Abstract

RAPD polymorphisms were used to reveal the genetic population structure of Fomitopsis pinicola from 5 populations in southwestern Sweden with outliers in Finland and Norway. Eleven primers were used on 35 isolates. Using the Analysis of Molecular Variance (AMOVA), the total variance was divided into 3 hierarchical components: 84% within populations, 11% among regions, and 5% among populations within regions. The 3 large Swedish populations contained 95% of the variation within them. The statistical significance of these patterns was supported by permutation tests. The similarity index between all genets ranged from 0.10 to 0.72, with an average of 0.45. Genets from the same population could form more than one cluster in the neighbor‐joining analysis. Some of these clusters were also supported by parsimony jack‐knifing.

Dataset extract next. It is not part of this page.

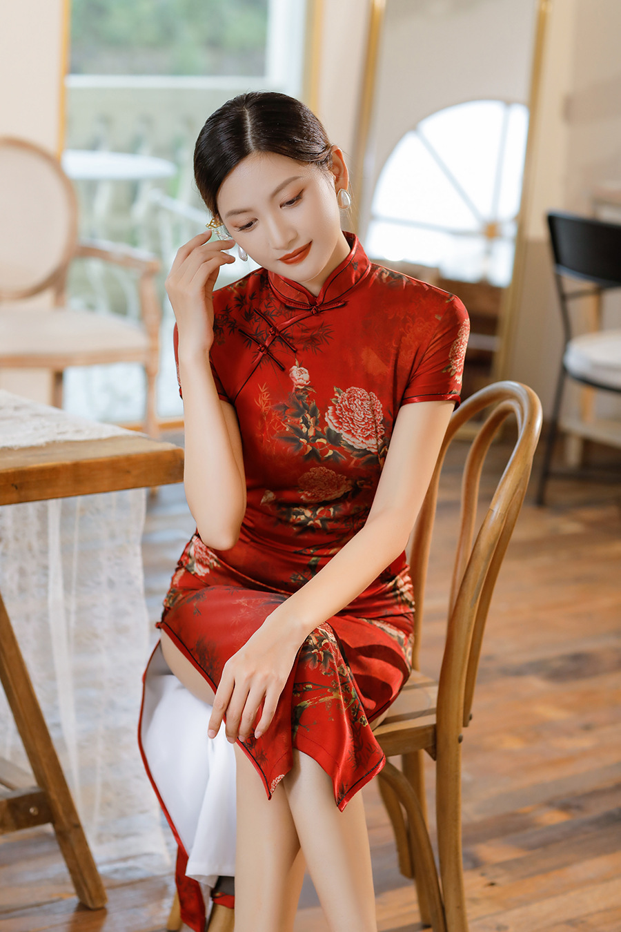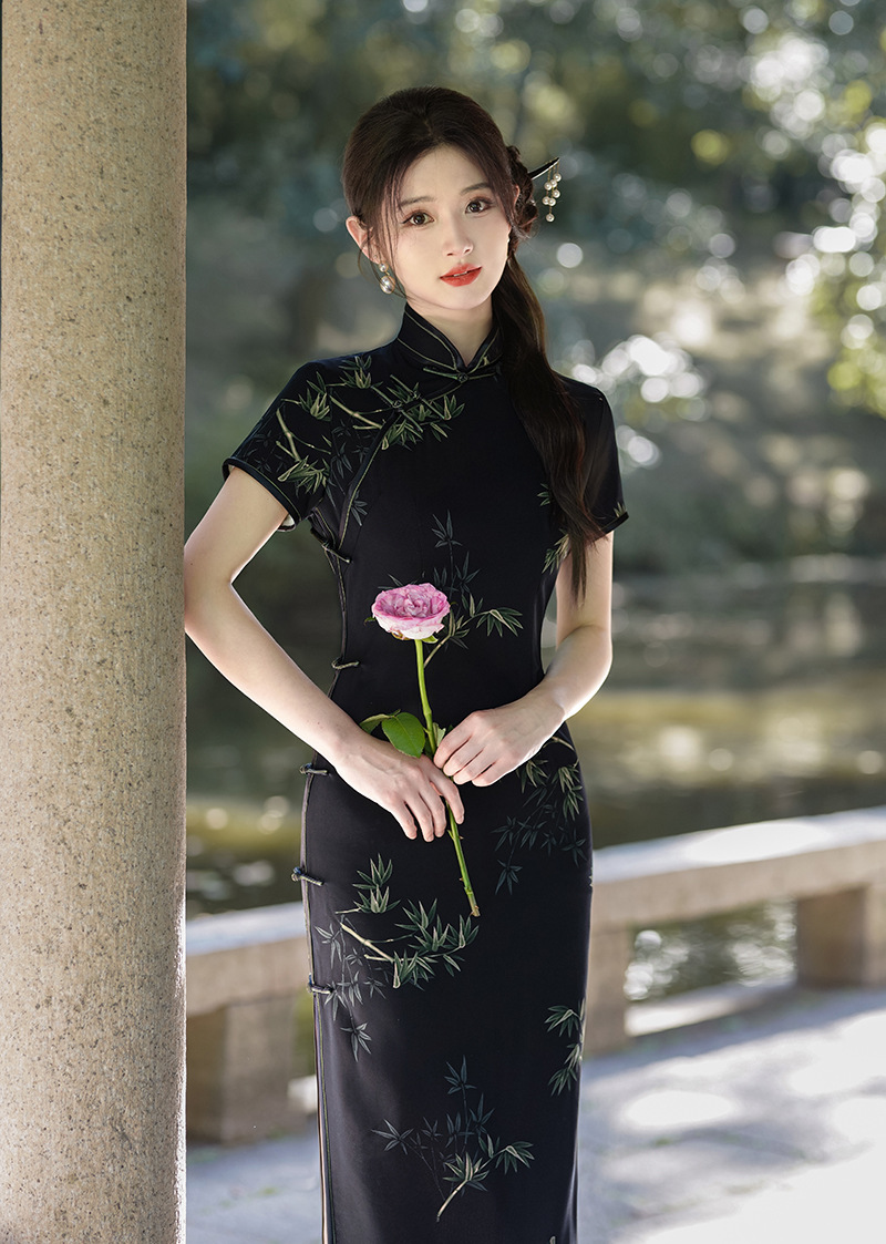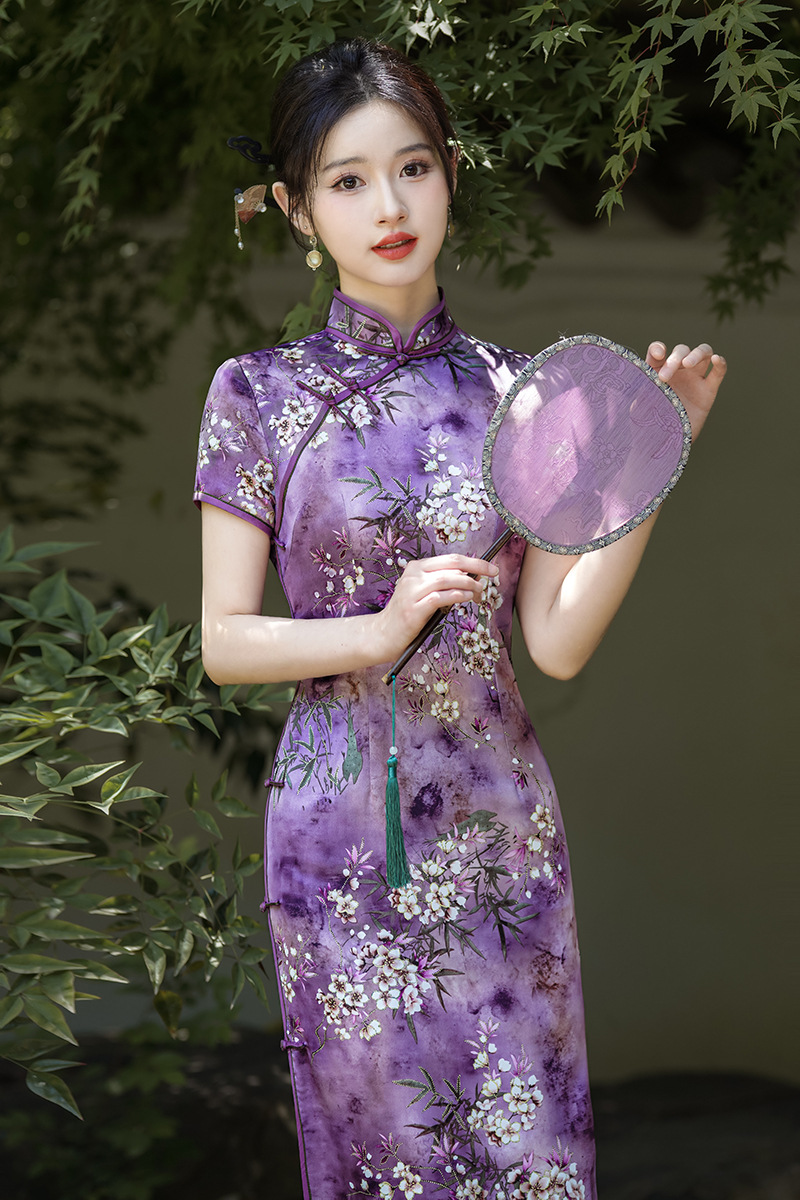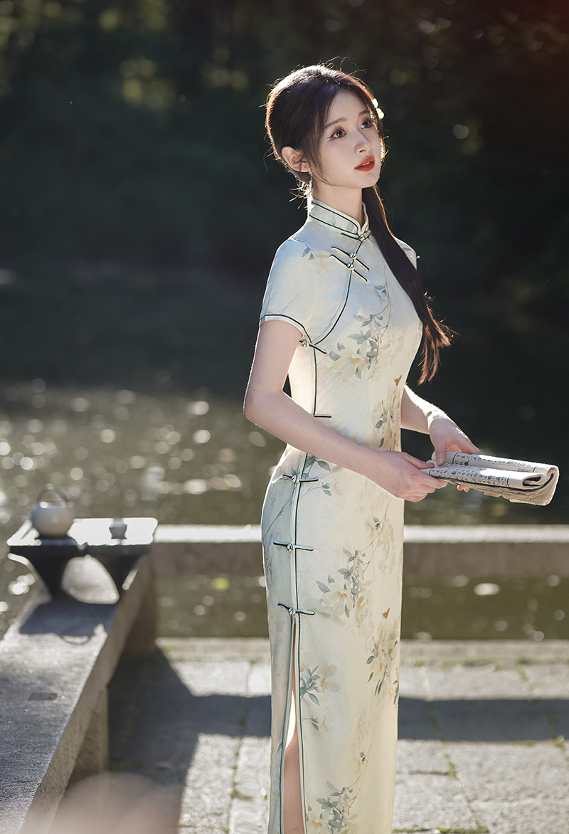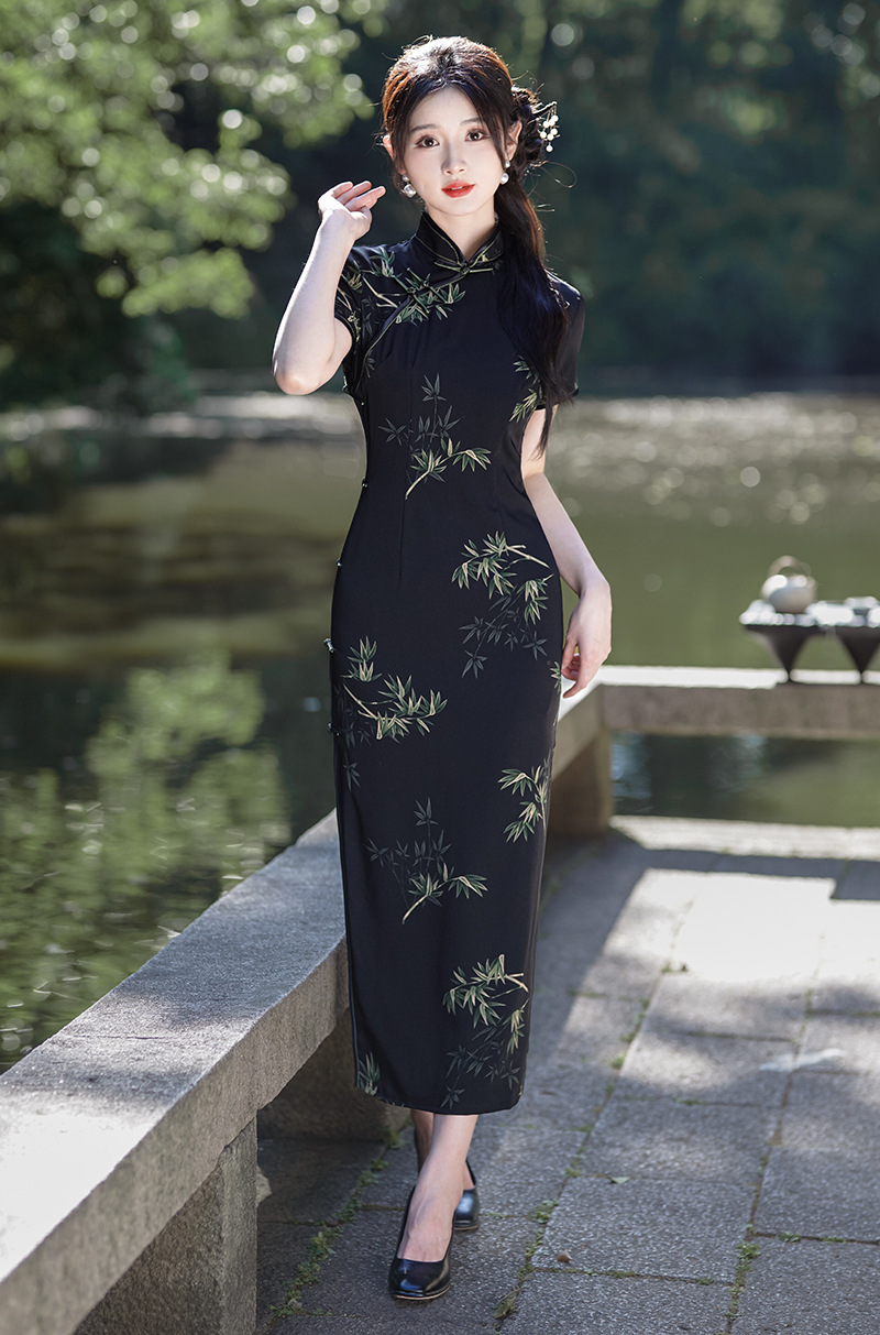 2025 Новый китайский стиль, лето и осень, новая длинная юбка Cheongsam, атласное платье в стиле ретро, тонкое банкетное двухслойное платье, оптовая продажа

This pattern is tentatively explained by establishment of spores from different basidiomata. The result of somatic incompatibility tests and RAPD markers were compared and this comparison indicated that compatible reactions do not necessarily imply genetic identity. Sampling from cut sections of infected trees revealed that multiple infections were present in a single tree and that the fungus probably infects host‐trees by basidiospores, arriving via the air. Each somatically incompatible genet characteristically monopolized only part of a resource unit. Spore trapping showed no evidence of long distance spore dispersal, but this is probably due to the limited experiment, since the genetic analysis suggested a high rate of gene flow.